(Stored data)
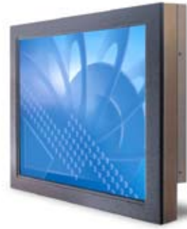
With optional Slimline Bezel (Part Number: 2709122)
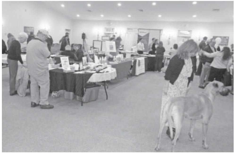
From realtors to restaurants, contractors to a kennel, the services Hebron businesses provide run the gamut. And on Tuesday, the public had an opportunity to learn about them all, as close to 30 businesses filled the Lions Den for an evening of networking, at the Hebron Business Showcase.

“More businesses are coming,” she said. “More people are getting out and networking.”
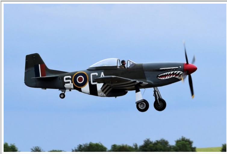
G-SHWN KH774 NA P51D Mustang on 5 June 2019 Duxford.
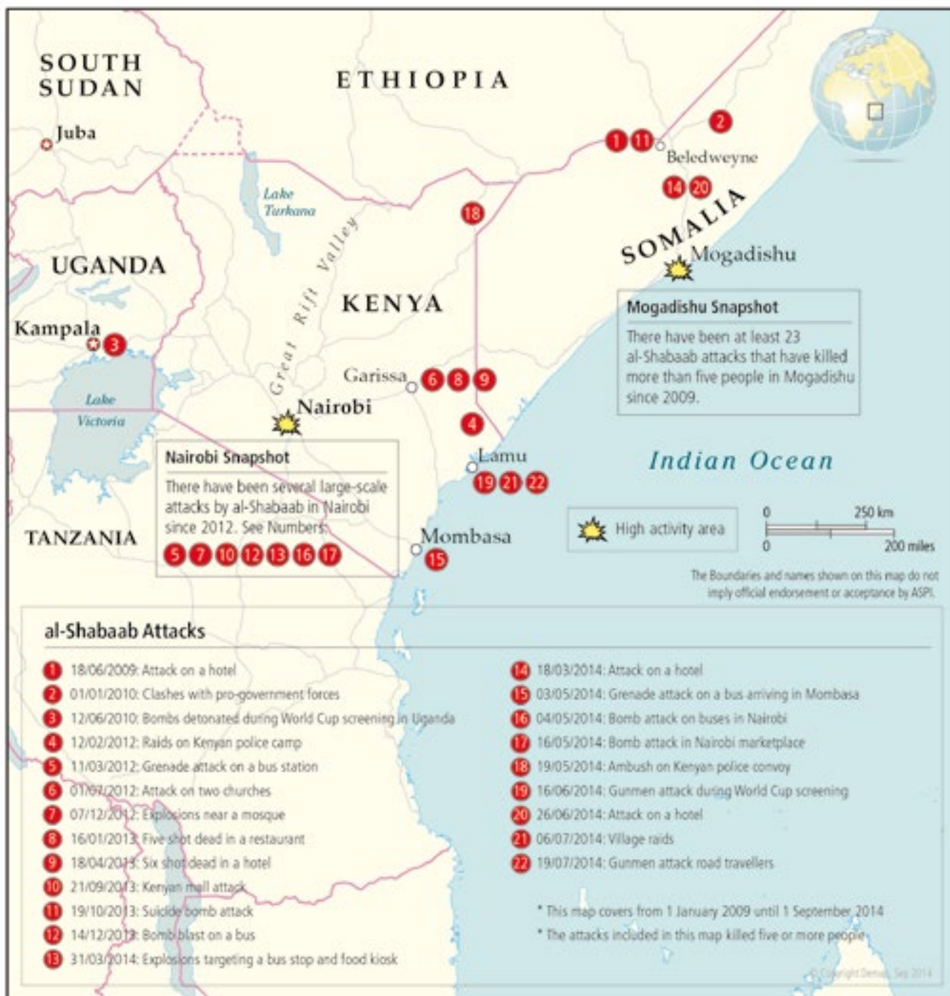
Figure 2: al-Shabaab attacks

failed state for over 20 years. In 2013, the EU, with the UK playing a leading role, agreed to provide financial assistance to Somalia for peace and development, with the aim of reversing years of failure by the international community. It was only in September 2013 that the EU announced a €1.8 billion package to assist the Somalian Government's
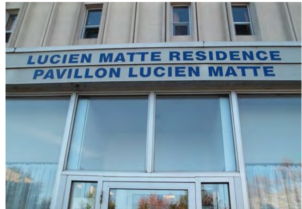
Pavillon Lucien Matte
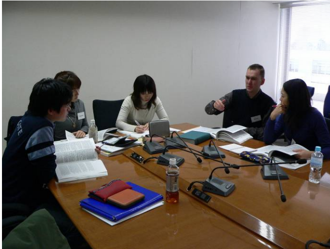
Academy, March 2009, Tokyo Working Groups
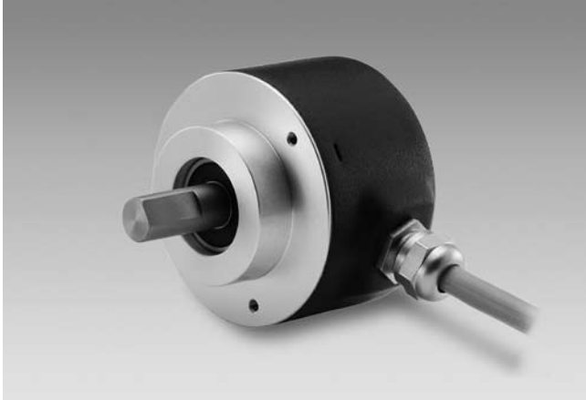
GPI0W with clamping flange
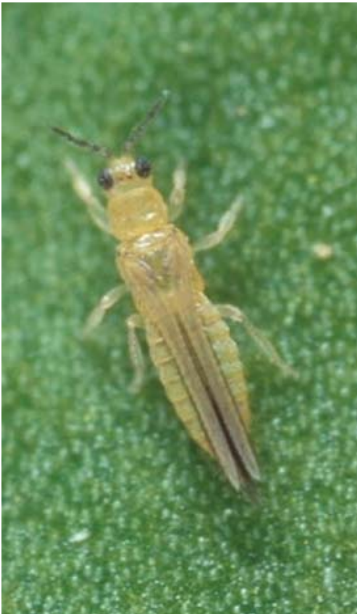
Avocado thrips, Scirtothrips perseae

In 1971, a quarantine interception at the Port of San Diego resulted in the collection of a single female specimen of an undescribed species of Scirtothrips on avocados from Oaxaca in southern Mexico. This single specimen is very similar in appearance to avocado thrips found in California. Adult S. perseae may occasionally be found resting on non-avocado plants in heavily infested avocado orchards. Avocados are native to Central America, and humans have moved plants out of this region into South America, the Caribbean, and elsewhere. Foreign exploration efforts for avocado thrips and its natural enemies in the native range of avocados have shown that S. perseae has a narrow geographic distribution, and is found throughout the avocado growing region between Michoacan in Mexico and central Guatemala. Avocado thrips has not been found on avocados in Costa Rica, the Dominican Republic, Trinidad, Brazil, or Chile.
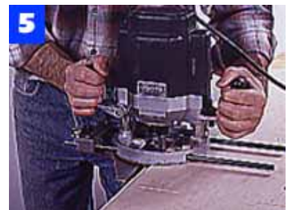
Use a straight bit and edge guide to rout the rabbets along the back edges of the case sides and the top and bottom panels.

Use a router with a straight bit and edge guide to cut the rabbets along the back edges of the case sides ( Photo 5 ). Note that the rabbets for the top and bottom panels stop short of the panel ends. Use a sharp chisel to square the rabbet ends after they've been routed.
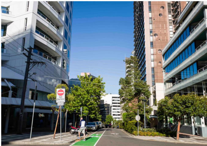
Location 2 -Atchison Street, looking west from Mitchell Street
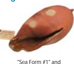
"Sea Form #1" and "Turquoise Shell" by Blake McCord
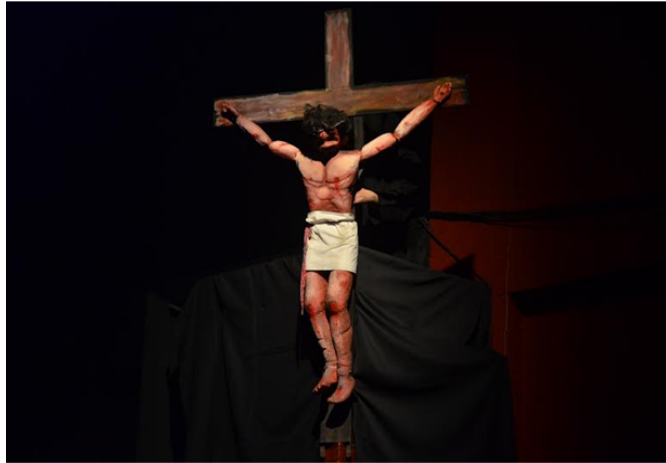
Figure 9. Crucified Christ
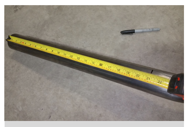
Detail 10a: 2 Doors only. Mark and cut 21" from mid pipe inlet.
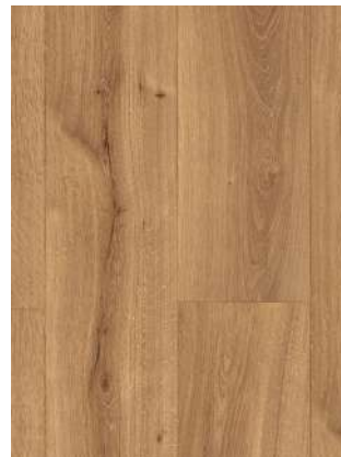
DESERT OAK WARM NATURAL

Matching Scotia QSFSCOT03805 Matching Incizo QSINCP03805
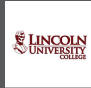
LINCOLN UNIVERSITY COLLEGE, MALAYSIA
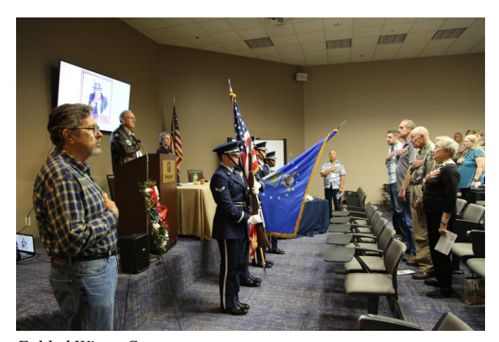
Folded Wings Ceremony

▶ **Your goal**: Look through the data above for the string "back" and copy every line where it appears.

▶ **Answer below**:
Use a straight bit and edge guide to rout the rabbets along the back edges of the case sides and the top and bottom panels.
Use a router with a straight bit and edge guide to cut the rabbets along the back edges of the case sides ( Photo 5 ). Note that the rabbets for the top and bottom panels stop short of the panel ends. Use a sharp chisel to square the rabbet ends after they've been routed.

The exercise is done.